Ping... Any additional comments or suggestions for this patch?
Bumping in case it got lost in the backlog. :)
On Fri, 2014-04-11 at 17:01 +0000, Stewart, Sean wrote:
> On Fri, 2014-04-11 at 17:03 +0100, Bryn M. Reeves wrote:
> > On Fri, Mar 28, 2014 at 09:01:14PM +0000, Stewart, Sean wrote:
> > > When a system is booted to the SAN, a condition can occur where one
> > > user friendly name is given to a disk during boot, but multipathd tries
> > > to allocate a different one after boot. If the second alias is already
> > > used by another device, multipathd can't rename it. Multipathd then has
> > > incorrect information about the alias/wwid relationships, which can
> > > result in paths being added to the wrong map.
> > This should only happen if the initramfs and root file system have
> > inconsistent multipath configurations (either multipath.conf or bindings
> > / wwids file mismatched). That's not really a valid configuration for
> > the system to be in and leads to the type of problems you describe.
> That is true that it only happens if they are out of sync.
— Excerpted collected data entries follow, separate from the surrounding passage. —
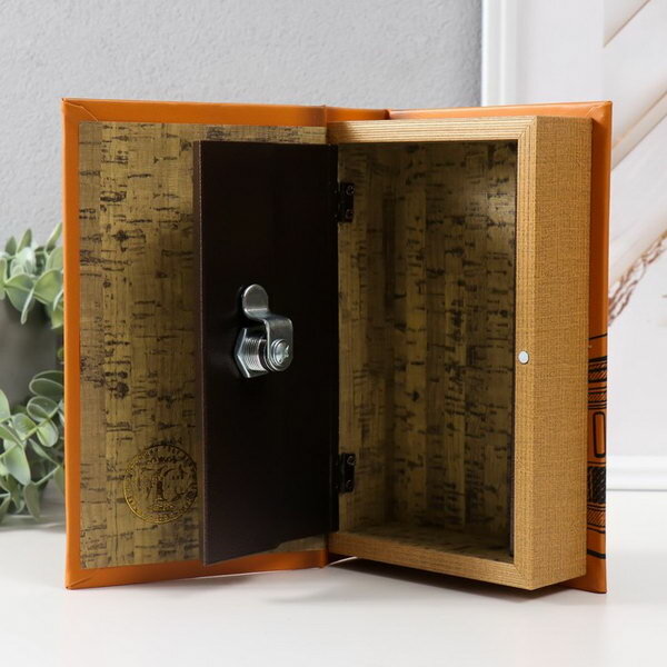 Шкатулка книга-сейф «Компас», дерево и искусственная кожа, с замком, 21×13×5 см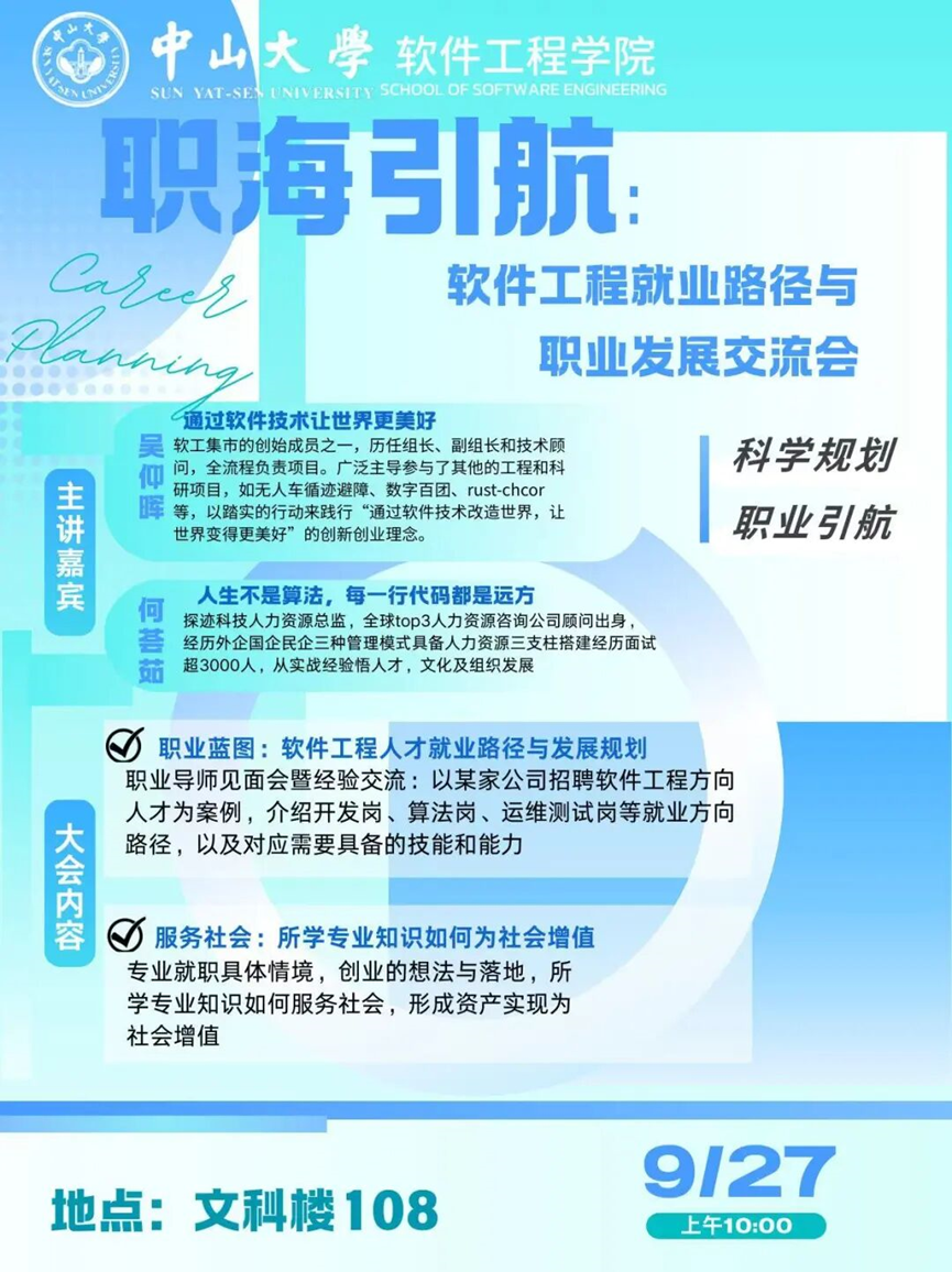 2025年9月27日上午,第四期活动以“职海引领:软件工程就业路径与职业发展交流会”为主题,在南校园文科楼108举行。本次活动由探迹科技人力资源总监何荟茹校友、Shopee前端工程师与“软工集市”创始成员之一吴仰晖校友主讲。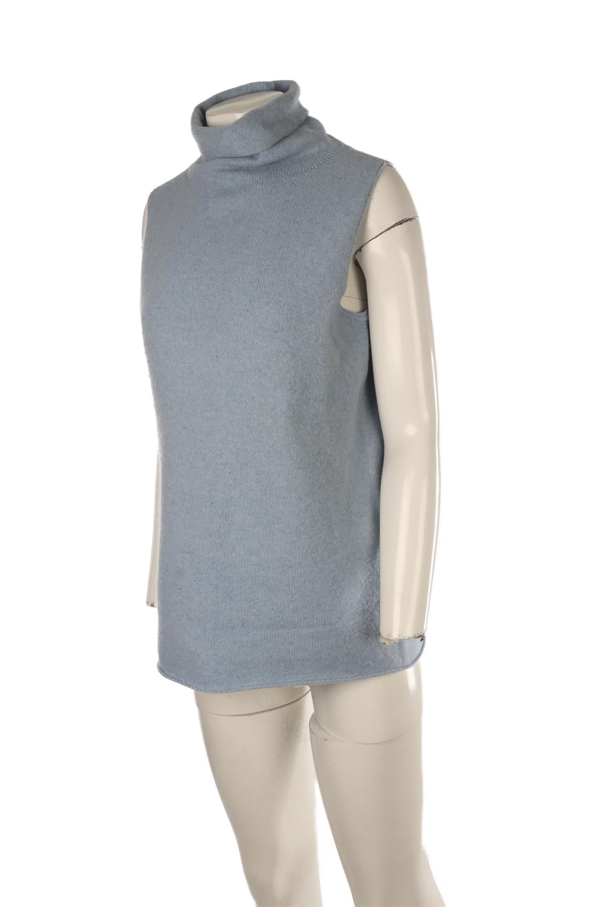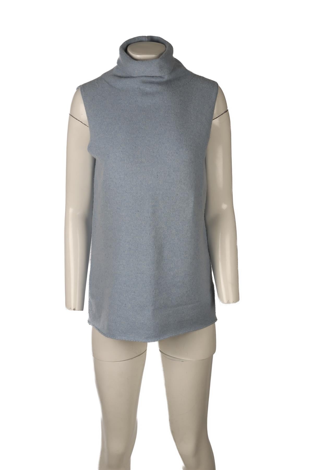 The Row Blue Wool Top. Blue. Sleeveless. Turtleneck. Pull on. 65% Wool, 35% Cashmere. Small (UK 8, US 4, FR 36, IT 40). Bust: 39 in. Waist: 38 in. Hips: 41 in. Length: 33 in.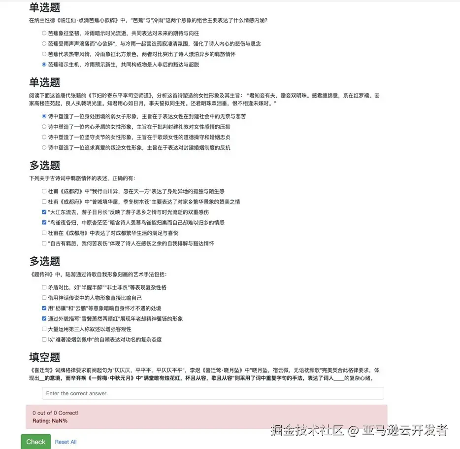 - 生成的考试内容会渲染为交互式 HTML 页面,支持选择、填空等交互操作,界面美观易用;还支持中英文双语界面,可生成不同语言的考题。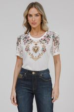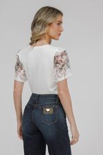 T-shirt Crepe E Malha E Renda Floral.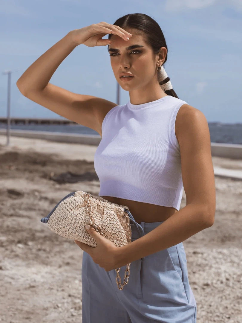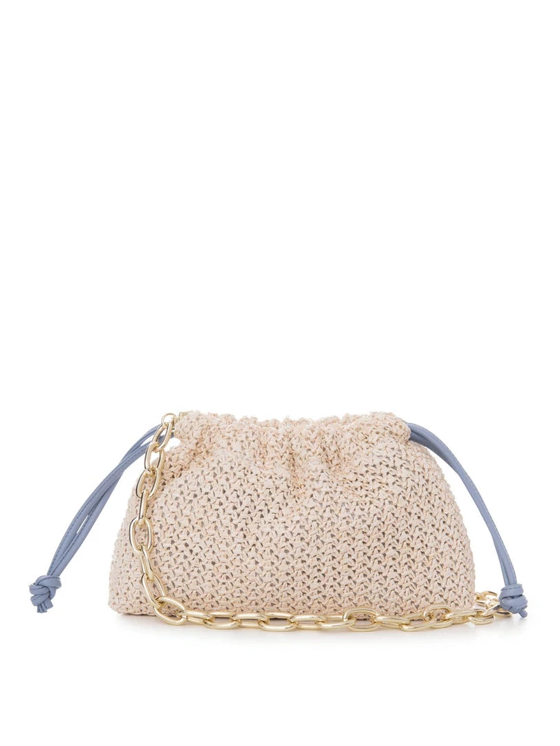 The Brea Bag just got a bigger sister! The Brea Large is everything you love about our classic brea bag but with a few twists! This stunning bag is a little larger making it the ideal size to fit everything you need when leaving the house! This incredible bag is now available with the perfect straw body! Accented with a stunning removable gold chain link! The body of the bag is crafted with a classic straw body accented with buttery soft vegan leather drawstrings! Remove the chain and carry this elegant bag as a clutch making it simple & easy to transition your look!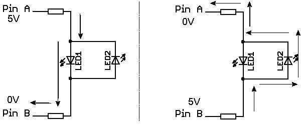 En la primera mitad del diagrama, el micro es salida 5V al pin y 0V al pin B. La corriente fluirá así desde A B. Porque está orientada hacia atrás para LED1 LED2 ninguna corriente fluirá a través de ella y no brillará. Es lo que se llama retroceso parcial. Tenemos el equivalente de la situación en la página anterior. Básicamente podemos pasar por alto el LED2. Las flechas muestran el flujo de corriente.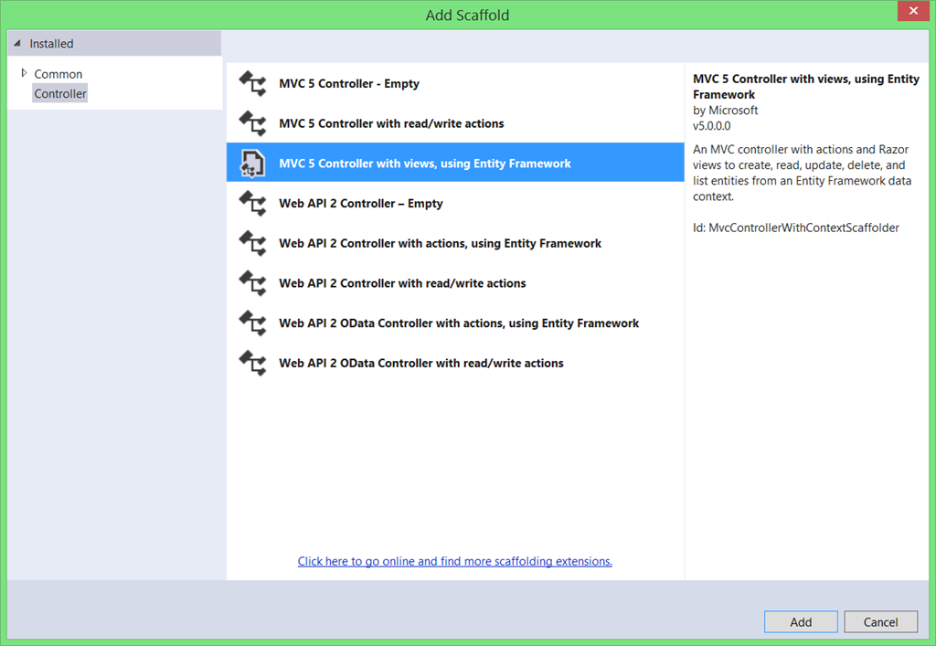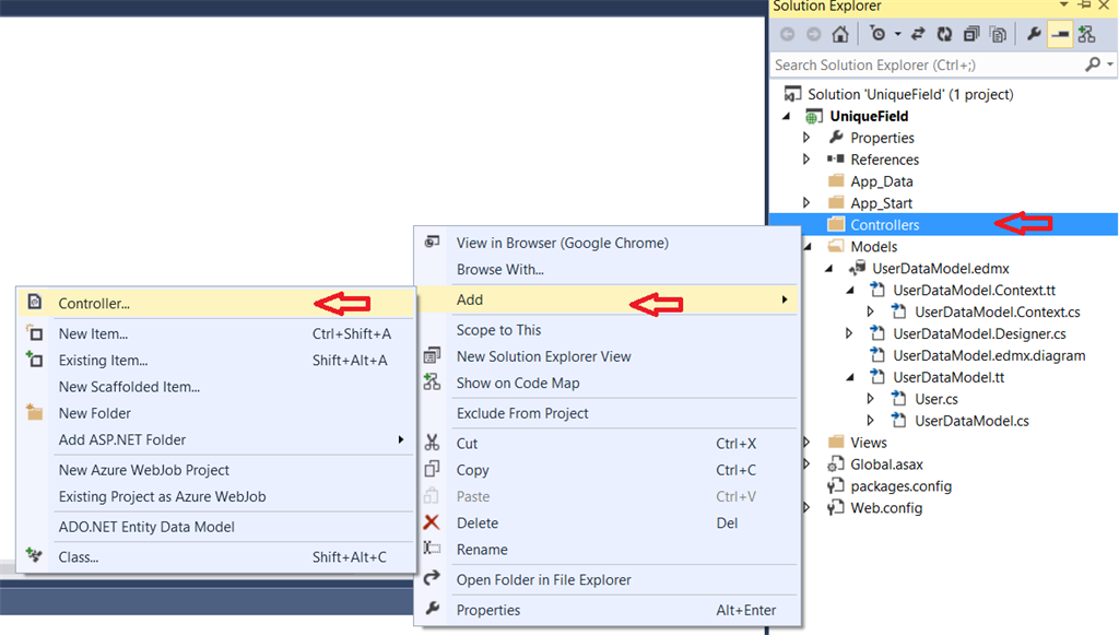 The next step is to add an ADO.Net Entity Data Model in the Models folder.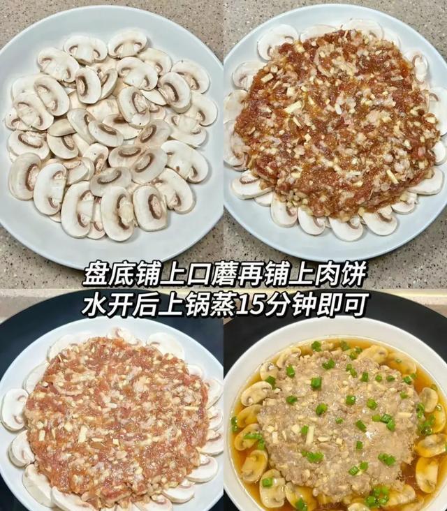 盘底铺上口蘑,铺上肉饼,水开上锅蒸15分钟即可~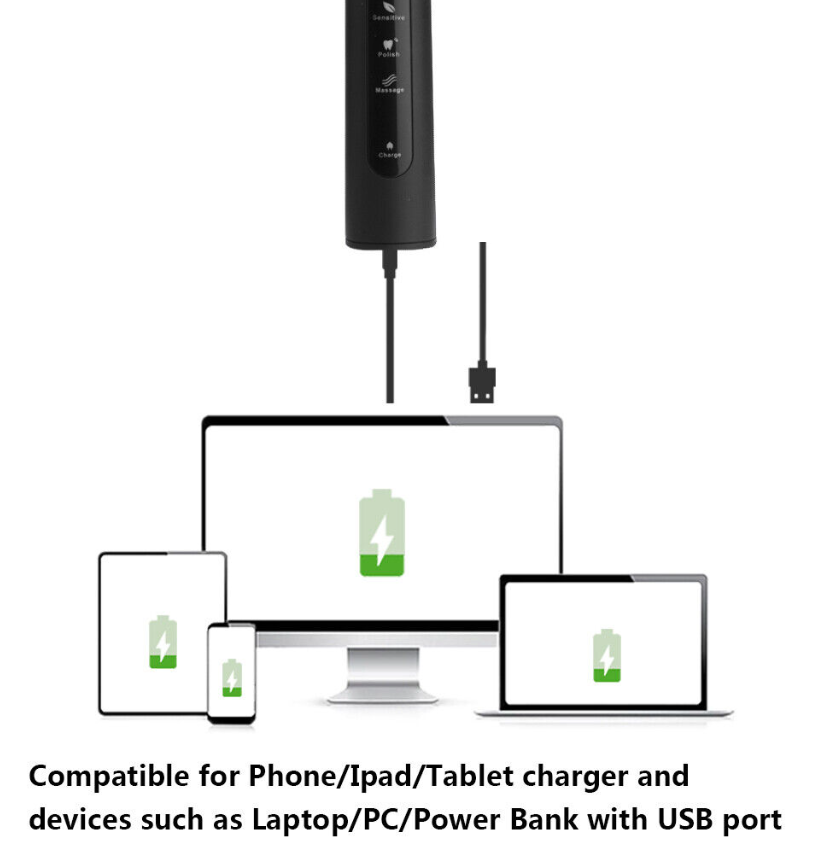 4 hours charge for minimum 30 days use, you can bring the brush without a charger when you are traveling.USB charging, safe and easy, auto shut off after full charge, compatible with any charger or equipment with a USB port.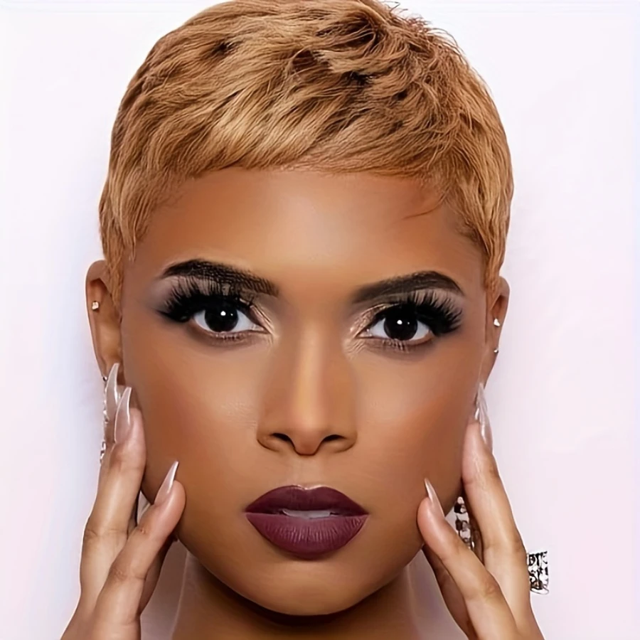 Perruque Mia : Élégance avec la coupe pixie blonde miel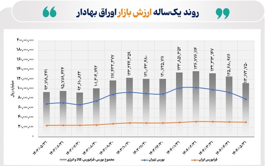 دادههای آماری گزارش مدیریت پژوهش، توسعه و مطالعات اسلامی سازمان بورس و اوراق بهادار از روند یکساله ارزش بازار اوراق بهادار در ۴ بورس فعال ایران، نشان میدهد: مجموع ارزش بازارهای اوراق بهادار در بورس تهران، فرابورس ایران، بورس انرژی و بورس کالا در پا,...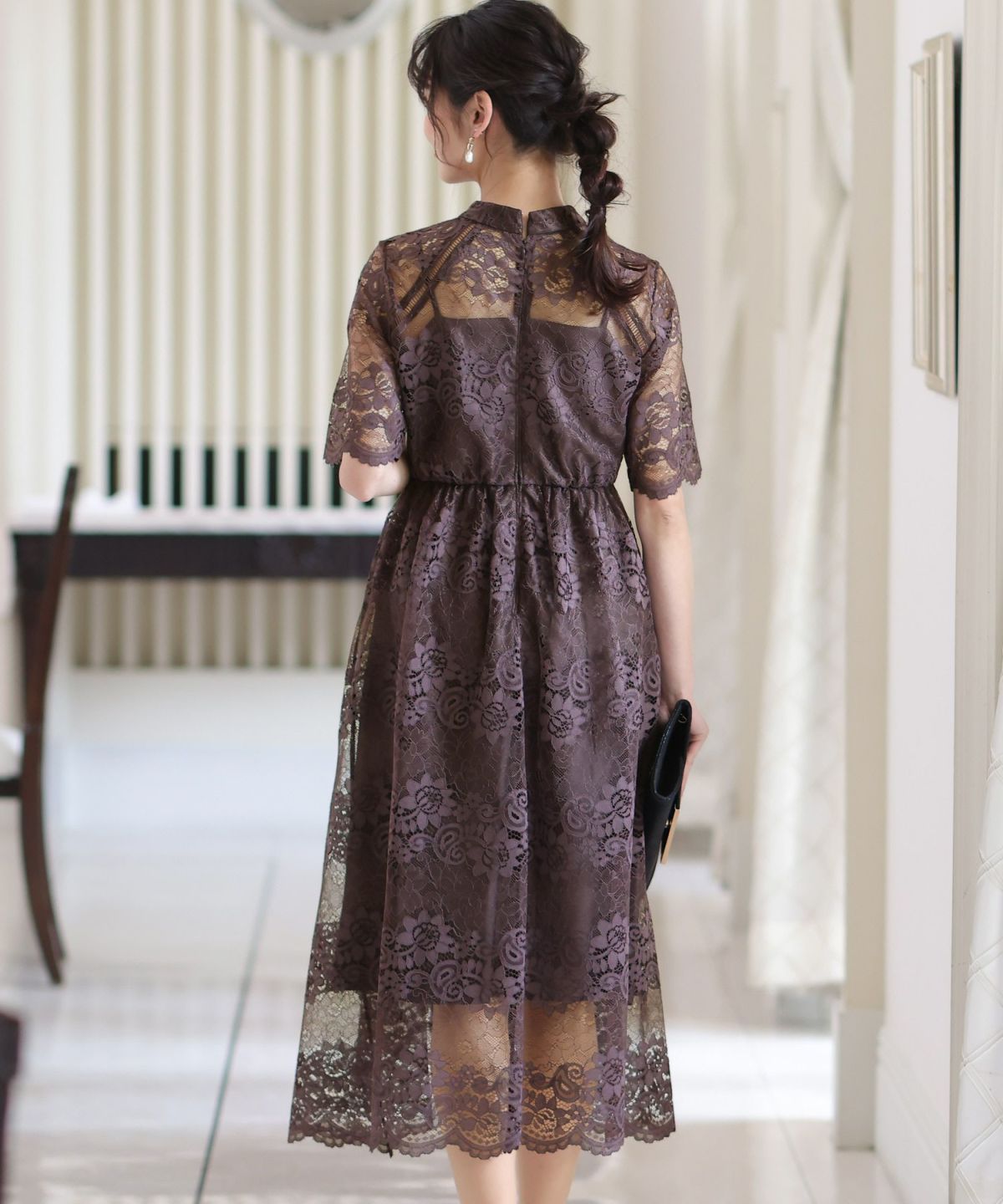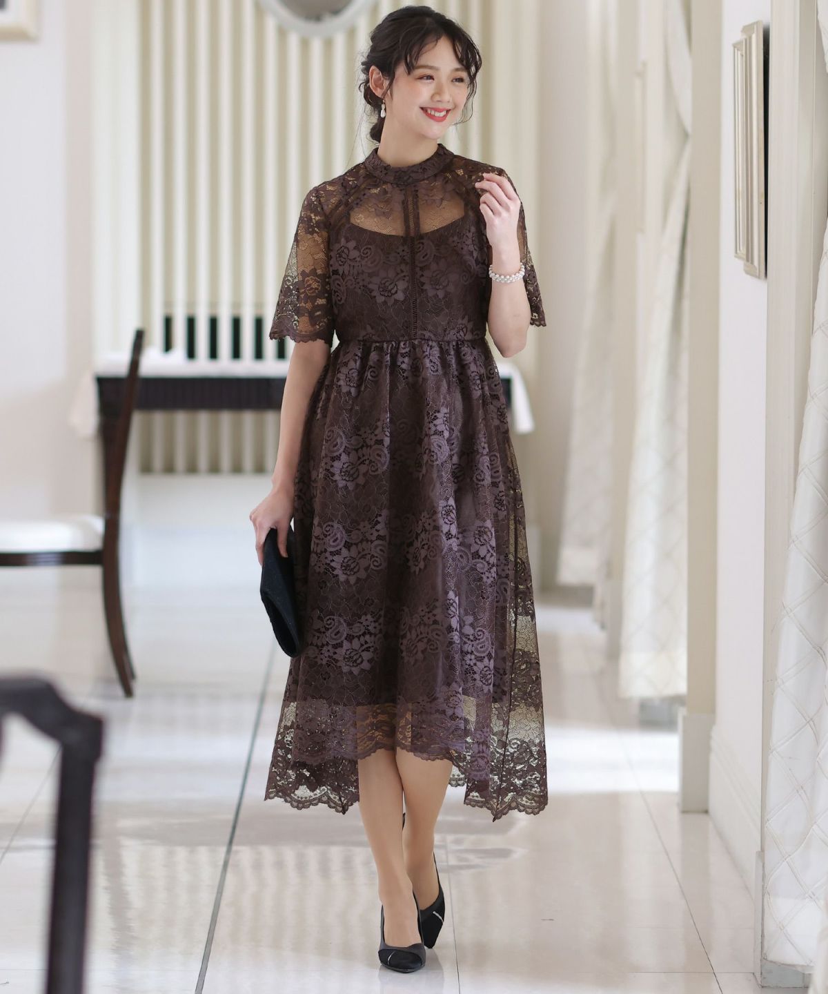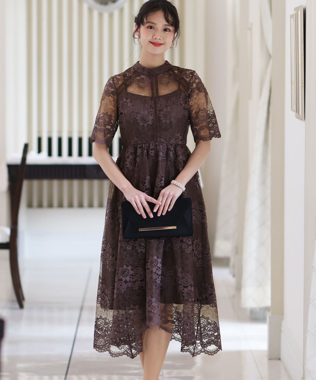 ■総レース×スカラップスカラップデザインが可愛い総レースワンピース。高めのウエストとふんわり広がるスカートで綺麗なAラインシルエットに。ウエスト背面がゴムになっているので着脱も楽ちん。オケージョンシーンはもちろん、特別なお食事会などにもピッタリです。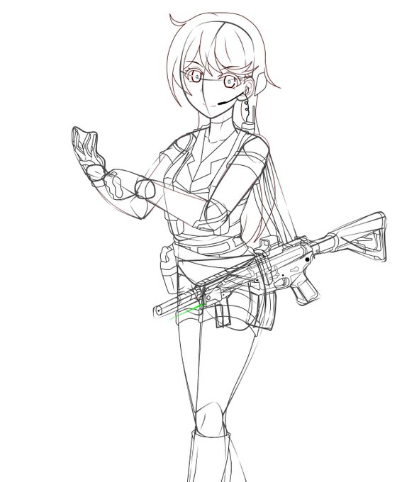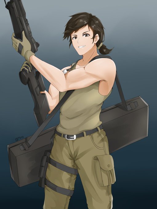 I'm used to draw her with military clothes.

We tried
> remaking the initramfs to fix the problem, but it didn't help.
> > > This patch works around this problem by first trying to use the alias
> > > already bound to a device during boot. If the bindings file has that
> > > alias bound to a different device, it'll auto generate a new alias to
> > > rename it to.
> > To be honest I'd prefer to see this cause an error. These types of
> > configurations currently run the risk of silent data corruption - I'd
> > much rather deal with a system that refuses to boot due to an out of
> > date initramfs image than one that quietly remaps paths in unexpected
> > ways.
> The issue, though, is that the system does not refuse to boot. In the
> case we saw, it booted anyway, our QA engineer ran a test, and it ended
> with a data corruption. A user could perform a fresh installation,
> new luns, reboot, and without any way of realizing it have essentially a
> ticking time bomb on their hands, ready to go off as soon as there's a
> blip in the SAN.